Reputation: 1571
The following code combines cross_validate
with GridSearchCV
to perform a nested cross-validation for an SVC on the iris dataset.
(Modified example of the following documentation page: https://scikit-learn.org/stable/auto_examples/model_selection/plot_nested_cross_validation_iris.html#sphx-glr-auto-examples-model-selection-plot-nested-cross-validation-iris-py.)
from sklearn.datasets import load_iris
from sklearn.svm import SVC
from sklearn.model_selection import GridSearchCV, cross_validate, KFold
import numpy as np
np.set_printoptions(precision=2)
# Load the dataset
iris = load_iris()
X_iris = iris.data
y_iris = iris.target
# Set up possible values of parameters to optimize over
p_grid = {"C": [1, 10],
"gamma": [.01, .1]}
# We will use a Support Vector Classifier with "rbf" kernel
svm = SVC(kernel="rbf")
# Choose techniques for the inner and outer loop of nested cross-validation
inner_cv = KFold(n_splits=5, shuffle=True, random_state=1)

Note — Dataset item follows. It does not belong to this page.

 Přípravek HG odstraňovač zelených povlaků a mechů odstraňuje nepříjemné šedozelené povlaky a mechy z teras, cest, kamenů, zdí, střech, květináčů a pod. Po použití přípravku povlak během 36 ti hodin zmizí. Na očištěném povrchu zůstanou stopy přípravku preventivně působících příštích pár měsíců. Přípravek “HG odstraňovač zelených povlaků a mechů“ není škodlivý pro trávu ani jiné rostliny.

outer_cv = KFold(n_splits=4, shuffle=True, random_state=1)
# Perform nested cross-validation
clf = GridSearchCV(estimator=svm, param_grid=p_grid, cv=inner_cv, iid=False)
clf.fit(X_iris, y_iris)
best_estimator = clf.best_estimator_
cv_dic = cross_validate(clf, X_iris, y_iris, cv=outer_cv, scoring=['accuracy'], return_estimator=False, return_train_score=True)

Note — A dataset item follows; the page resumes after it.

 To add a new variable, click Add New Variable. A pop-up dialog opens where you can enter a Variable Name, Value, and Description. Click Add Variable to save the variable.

mean_val_score = cv_dic['test_accuracy'].mean()
print('nested_train_scores: ', cv_dic['train_accuracy'])
print('nested_val_scores: ', cv_dic['test_accuracy'])

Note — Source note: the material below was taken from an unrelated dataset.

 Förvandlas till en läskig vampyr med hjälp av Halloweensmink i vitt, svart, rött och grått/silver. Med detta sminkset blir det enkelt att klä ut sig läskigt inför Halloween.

print('mean score: {0:.2f}'.format(mean_val_score))
cross_validate
splits the data set in each fold into a training and a test set. In each fold, the input estimator is then trained based on the training set associated with the fold. The inputted estimator here is clf
, a parameterized GridSearchCV
estimator, i.e. an estimator that cross-validates itself again.
I have three questions about the whole thing:
clf
is used as the estimator for cross_validate
, does it (in the course of the GridSearchCV
cross validation) split the above mentioned training set into a subtraining set and a validation set in order to determine the best hyper parameter combination?GridSearchCV
, does cross_validate
validate only the model stored in the best_estimator_
attribute?cross_validate
train a model at all (if so, why?) or is the model stored in best_estimator_
validated directly via the test set?To make it clearer how the questions are meant, here is an illustration of how I imagine the double cross validation at the moment.
Upvotes: 7
Views: 1655
Reputation: 8801
If
clf
is used as the estimator forcross_validate
, does it split the above mentioned training set into a subtraining set and a validation set in order to determine the best hyper parameter combination?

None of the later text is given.